В этот момент в комнату вошел отец.

– Привет! – сказал он мне и, подойдя к столу, посмотрев на Дубова, спросил: – Ты – муж?

– Я.

Отец опрокинул стопку водки, пожал ему руку и ретировался так же неожиданно, как и появился.

– Димку встретила у подъезда! – кричала из темноты коридора бабушка № 1 – она тоже решила прийти посмотреть на мужа своей внучки. – Здравствуйте! Все пьете, Прасковья Андреевна? Все никак остановиться не можете?!

– Бабушка, – прошептала я, давая понять, что ведет она себя крайне бестактно.

– А что – бабушка? Что не так-то опять? Где Гена-то? Покажи мне его, специально пришла посмотреть!

– Это я – Гена. – Он хотел было встать, но, видать, ноги отяжелели, и Дубов, приподнявшись, снова рухнул на стул.

– А я Дунина бабушка – Зоя Кузьминична.

– Оч-чень приятно.

– Ну, расскажите мне о себе. Где работаете? Где учитесь? Чем занимаетесь? – Ее вопросы отдалялись – эхом звучали, у меня закладывало уши, тут было просто невозможно душно, так что мне захотелось побыстрее выйти на свежий воздух.

«Чего-то не хватает для полноты картины, – вертелась у меня в голове навязчивая мысль. – Какой-то мелочи, детали!» И тут меня осенило – глупость, наверное, но не хватало вечно сопровождающего появление бабы Зои в этой квартире громыхания кастрюль с детсадовскими обедами и ужинами.

– Я работаю маляром, ремонты делаю.

– Что вы, Зоя Кузьминична, к мальчику привязались. Хороший мальчик! Князь! Чисто князь!

«Князь» снова расплылся в блаженной улыбке, выражающей крайнее удовольствие, и вздрогнул, когда дед, налив до краев стопки, выкрикнул вдруг ни с того ни с сего:

– Квадрат 136! Цельсь! Пли! – И чуть пригнул голову, по обыкновению уберегая ее, будто бы от только что просвистевшей пули, а супруга, опустошив свой, поднесенный исподтишка старшей сестрой, граненый стакан, поддержала его песней:

– Вдо-оль по Пи-и-терской!

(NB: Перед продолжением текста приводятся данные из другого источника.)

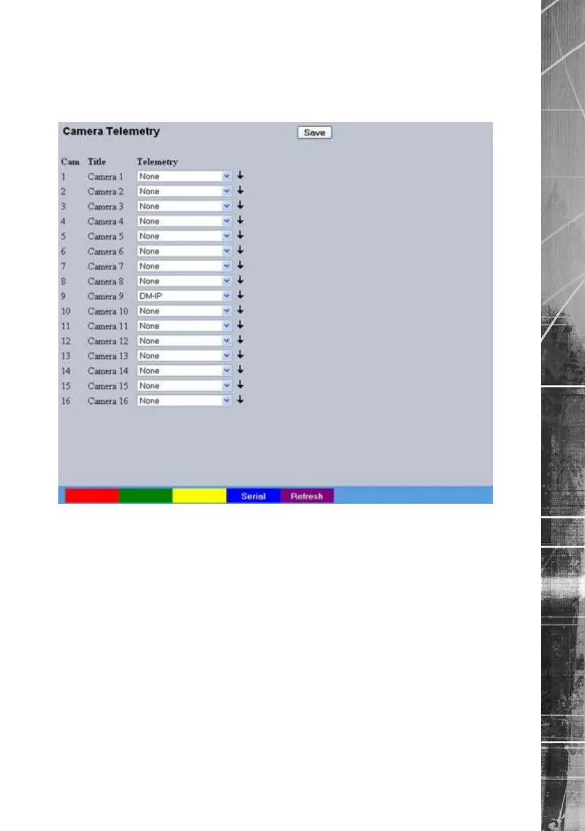 This menu allows conguration of telemetry capable cameras and the assignment of

Вдоль Твер-р-р-ской-ой – Я-я-амско-о-ой!

– Людер-людер, людерка! Тютер-тютер, тютерка! – Сара пустилась в пляс, моментально влившись во всеобщее веселье.

– Тьфу! Нажрались, черти! – гневно плюнула бабушка № 1. – Пошла я, и вы домой поезжайте, нечего вам тут делать! – распорядилась она и усвистала на пятый этаж четвертого подъезда к своему невезучему Ленчику.

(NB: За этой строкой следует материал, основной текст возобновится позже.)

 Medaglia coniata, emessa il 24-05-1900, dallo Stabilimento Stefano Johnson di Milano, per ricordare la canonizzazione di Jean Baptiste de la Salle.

– Налей, Накуля, чарку! В последний раз выпью и брошу! Честное слово, брошу! – клялась баба Фрося.

– Нет.

– Ну поднеси, я хоть посмотрюсь в нее, – молила она, будто вместо водки бабушка надеялась увидеть волшебное зеркало, в котором отразилась бы вся ее молодость: и тот знаменитый режиссер, который звал ее сняться у него в кино и прославиться в один миг – проснуться в одно прекрасное утро знаменитой... Увидеть себя – красивую, молодую, с густыми и длинными, как у Фроси Бурлаковой, косами; увидеть свадьбу – свою свадьбу, только не с Любой, а, может, с тем самым знаменитым режиссером, за которого она выходит не из жалости, а по любви и уважению. Увидеть далекие страны, где не была никогда, а только представляла их в своем воображении – до ужаса смешными и не такими, какие они есть на самом деле. Отчего-то Италию, по ее разумению, населяли исключительно эскимосы, а во Франции все без исключения женщины – колдуньи, в Японии (она была уверена) живут одни обжоры – им не хватает места оттого, что все они толстые, как подушки – вот и претендуют поэтому на наши Курильские острова.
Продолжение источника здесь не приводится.